With these initial observations pointing to possibly differential roles for the two nectins in neurites, the Takeichi group next tested the effects of their overexpression. Neurons transfected with N1 showed marked increases in the dendritic concentration of this nectin as well as abnormalities in the behavior of the neurites as they extended outward from the neuronal somata. Normally, axons and dendrites extend radially from the neuronal cell body, but in the N1 transfected cells, axons became entwined around dendrites and dendrites occasionally looped back upon themselves, creating a briar-like entanglement.

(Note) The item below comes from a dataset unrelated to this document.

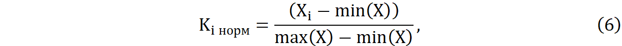 Региональные показатели привлекательности также имеют разную сущность и природу оценивания, для них проведем нормализацию данных при помощи метода Минимакс. Для этого используем статистическую информацию по регионам России за аналогичный период. Выборка регионов для оценивания происходит исходя из условия, что в данном регионе потенциально может быть реализован аналогичный проект. Чтобы нормализовать значения используем формулу 6:

In a converse experiment using cells in which the N1 gene was knocked out, dendritic spines failed to develop stable contacts with axons in cultures of mutant hippocampal neurons, despite the presence of other genetic markers of synaptogenesis.

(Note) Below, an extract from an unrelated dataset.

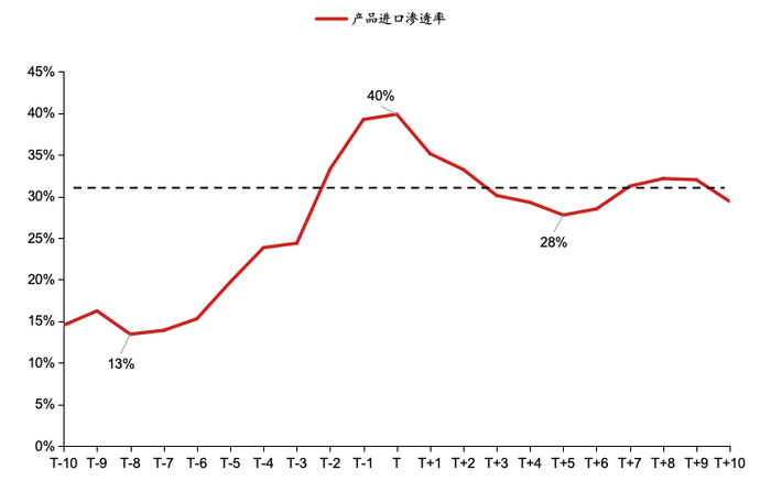 根据该曲线所示,当出口国产品在T-7年具备出口优势,开始进行产品加速出海后,大约用7年的时间,在主要进口国的渗透率占比从13%提升至40%。而在40%的T时刻,往往容易遭遇各类型的贸易摩擦,比如反倾销、反补贴、限制进入等形式,而大约经历5年的时间,进口渗透率的水平将下滑至28%的水平。此后,或因产能出海、贸易壁垒降低等影响,渗透率在30%左右波动。

As transmembrane proteins, the nectins comprise both extracellular and intracellular (or cytoplasmic) domains. Experiments utilizing partial constructs indicated that the N1 cytoplasmic domain is responsible for its axonal preference. Togashi tried a mix-and-match approach to test for possible effects on neurite affinities and patterning, and found that when the N1 extracellular domain was yoked to the N3 cytoplasmic moiety, the resultant phenotype was the same as that for the simple overexpression of N1.The reverse pairing produced a less severe phenotype, suggesting that the N1 extracellular domain is responsible for the molecule’s regulatory effect on neurite association.

The case for interaction between the two nectins in promoting neuritic associations was further strengthened by experiments in which N1- and N3-transfected cells were cultured together; as might be expected, their dendrites became tightly intertwined. Additional tests in which neurons were introduced onto a mosaic layer of transfected and untransfected HEK293 cells revealed that when a dendrite developed a stable contact with an N1-transfected cell, N1 molecules from the cell became intensely concentrated at the dendritic points of contact. This was not true for axons, which did not appear to recruit nectins of either type.

Nectins do not make their way to the sites of synapse formation unaccompanied; immunostaining showed that β-catenin, a component of the cadherin cell adhesion machinery, was also present at nectin binding sites, and that its concentration increased proportionally to the intensity of nectin accumulation. The overexpression of either type of nectin also produced an increase in levels of N-cadherin, irrespective their neuritic associations. And, while N-cadherin overexpression had no discernible effect on neurite patterning, neurons in which αN-catenin was deleted (resulting in impairment of cadherin function) were unresponsive to the dendritic abnormalities associated with nectin-1 transfection.

This thoroughgoing investigation led Togashi et al. to propose a new model of the nectins’ roles in neurite interaction. In this model, N1 molecules on the axon preferentially bind their N3 counterparts on dendrites, which has the secondary effect of promoting homophilic cadherin binding. Without N1, cadherin-based adhesion occurs much less intensely, resulting in weaker connections between cells, while in N1-transfected cells, opportunities for binding increase, causing dendrites (which are normally N1-free) to associate with other dendrites, and even normal axodendritic contacts to overstabilize.

“We had previously thought that cadherins alone were sufficient for the initial contacts between axons and dendrites, but we now realize that, by cooperating with Ig-superfamily molecules, the cadherins can be utilized by neurons in more sophisticated ways.” says Takeichi. “This sort of interaction between cadherins and Ig-superfamily molecules may be involved in other cell-cell recognition systems as well, a possibility that we are looking forward to studying in the future.”